The COSEPUP report took on the additional task of segmenting the graduate pathways. It acknowledged that some students would stop after a master's degree, others would complete a doctorate, and others would complete a doctorate and have significant research careers. The committee suggested different graduate expectations and outcomes for students, depending upon the pathway chosen. To assist this endeavor the committee called for the systematic collection of pertinent data and the establishment of a national policy conversation that included representatives from relevant sectors of society—industry, the Academy, government, and research units, among others. The committee signaled the need to pay attention to the plight of postdoctoral fellows, employment opportunities in a variety of fields, and the importance of attracting talented international students.7

Three years later the Pew Charitable Trust funded the first of three examinations of graduate education. Re-envisioning the Ph.D., a project headed by Professor Jody Nyquist and housed at the University of Washington, began by canvassing stakeholders—students, faculty, employers, funders, and higher education associations. More than 300 were interviewed, five focus groups were created, e-mail surveys went to six samples, and a mail survey was distributed. Nyquist and her team brought together representatives of this group for a two-day conference in 2000. Since that meeting the project has continued as an active website for the sharing of best practices.

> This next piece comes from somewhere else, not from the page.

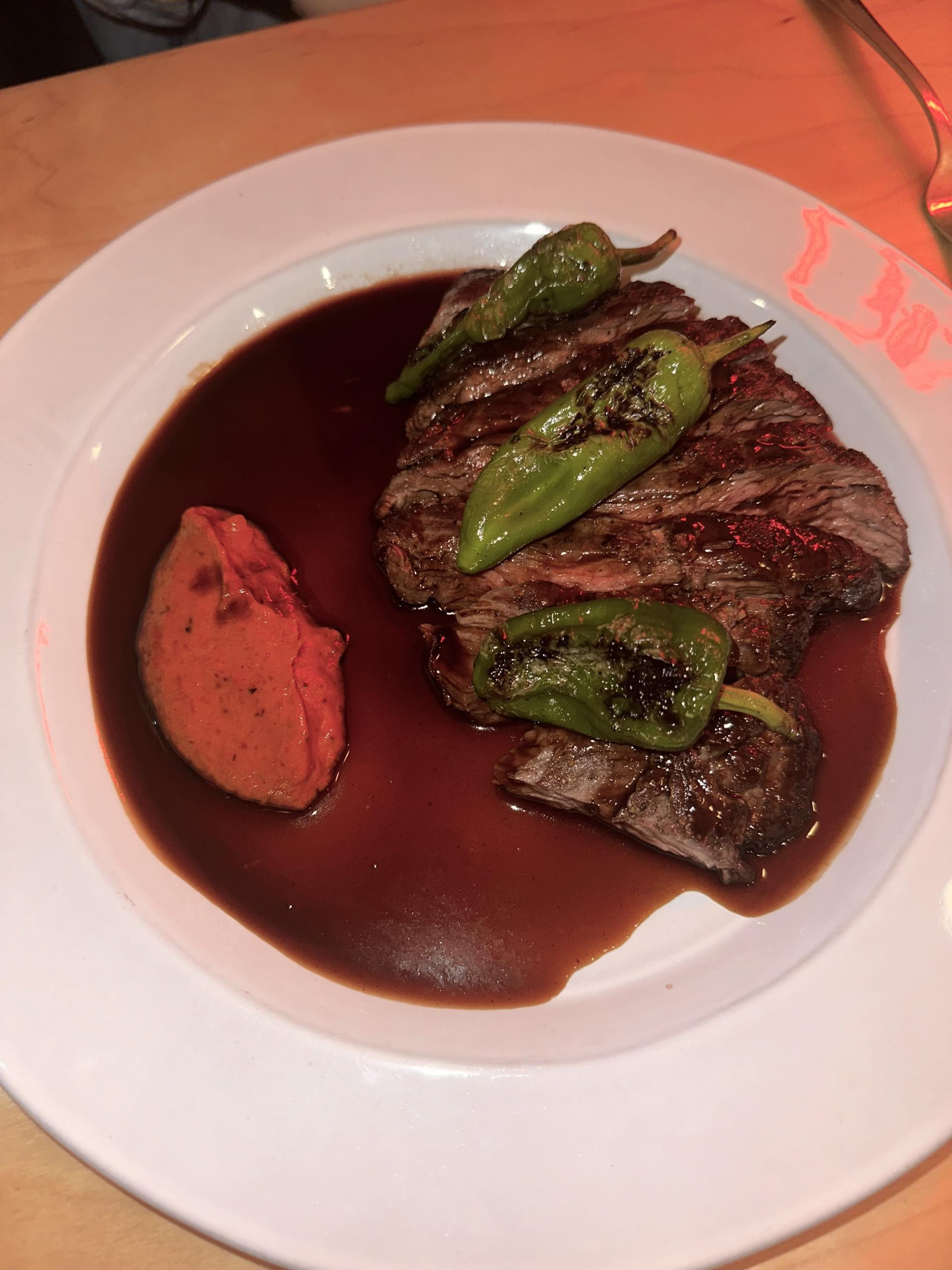 S druge strane, bavette s pireom od paprike, padron papričicama i jusom (30 €) ponudio je vrlo elegantnu kombinaciju. Bavette je rez mesa s potrbušine goveda, uz flank, odličan za kratku termičku obradu. Meso je bilo meko, sočno i savršeno pečeno. Pire od paprike, najdojmljiviji element tanjura, dao je slatkoću i dubinu. Jus bogat i uravnotežen. Iako nije bilo velikih iznenađenja, ovdje se sve složilo.

The project began with the question, “How can we re-envision the Ph.D. to meet the societal needs of the 21st century?” It found that representatives from different sectors had different emphases. On the whole, however, there was the sense that, while the American-style Ph.D. has great value, attention is needed in several areas. First, time to degree must be shortened. For scientists this means incorporating years as a postdoctoral fellow into an assessment of time to degree.8 Second, the pool of students seeking doctorates needs to be more diverse, especially through the inclusion of more students of color. Third, doctoral students need greater exposure to information technology during their careers. Fourth, students must have a more varied and flexible curriculum. Fifth, interdisciplinary research should be emphasized. And sixth, the graduate curriculum should include a broader sense of the global economy and the environment. The project and call for reforms built on Woodrow Wilson National Fellowship Foundation President Robert Weisbuch's assessment that “when it comes to doctoral education, nobody is in charge, and that may be the secret of its success. But laissez-faire is less than fair to students and to the social realms that graduate education can benefit.” The project concluded with the recommendation that a more self-directed process take place. Or in the words of Weisbuch, “Re-envisioning isn't about tearing down the successfully loose structure but about making it stronger, more particularly asking it to see and understand itself.”9

The Pew Charitable Trusts also sponsored research that assessed students as well as their concerns and views of doctoral education as another way of spotlighting the need to reform doctoral education. Chris Golde and Timothy Dore surveyed doctoral students in 11 fields at 27 universities, with a response rate of 42.5 percent, yielding nearly 4,200 respondents. The Golde and Dore study (2001), At Cross Purposes, concluded that “the training doctoral students receive is not what they want, nor does it prepare them for the jobs they take.” They also found that “many students do not clearly understand what doctoral study entails, how the process works and how to navigate it effectively.”10

A Web-based survey conducted by the National Association of Graduate and Professional Students (NAGPS) produced similar findings. Students expressed tremendous satisfaction with individual mentoring but some pointed to a mismatch between their graduate school education and the jobs they took after completing their dissertation. Responses, of course, varied from field to field. Most notably, students called for more transparency about the process of earning a doctorate, more focus on individual student assessments, and greater help for students who sought nontraditional jobs.11 Both the Golde and Dore study and the NAGPS survey asked various constituent groups to reassess their approaches in training doctoral students.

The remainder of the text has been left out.